20:00: 21.52 average comments per post.
16:00: 16.80 average comments per post.
21:00: 16.01 average comments per post.


The `15:00` hour receives most comments per post with an average of 38.59 comments, followed by the `02:00` hour with an average of 23.81 comments.

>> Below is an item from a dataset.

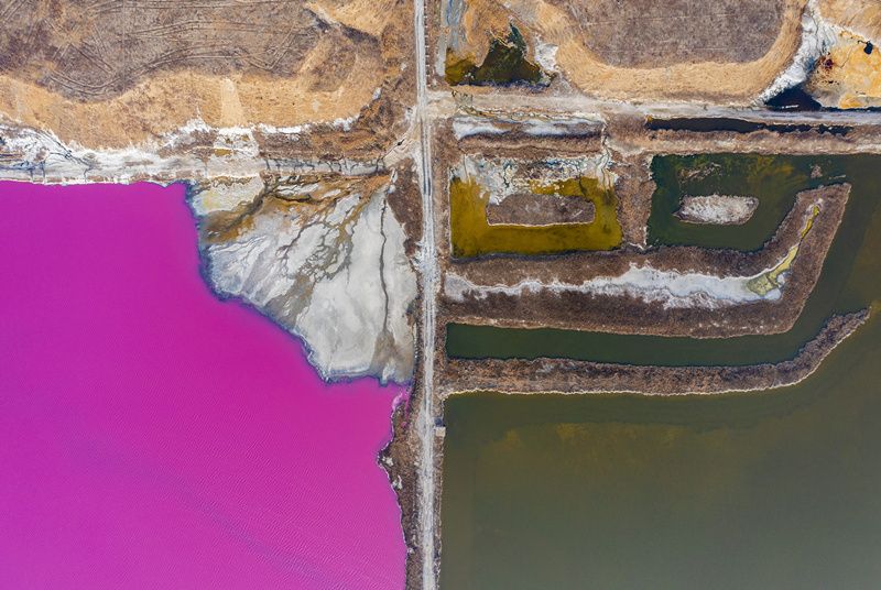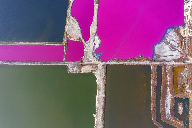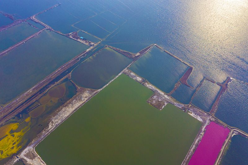 2022年1月12日,山西运城,盐湖部分水域呈现玫瑰红。

According to the data [documentation](https://www.kaggle.com/hacker-news/hacker-news-posts), the time zone is Eatern Time in the US which is equivalent to 20:00 West African Time(WAT).

## Conclusion.

After analysing the `hacker_news.csv` dataset based on the set goals of this project, the `Ask HN` posts is seen to receive the most comments on average. Upon further analysis, ask posts with the most comments were created at 15:00(ET) equivalent to 20:00(WAT) with an average of 38.59 comments.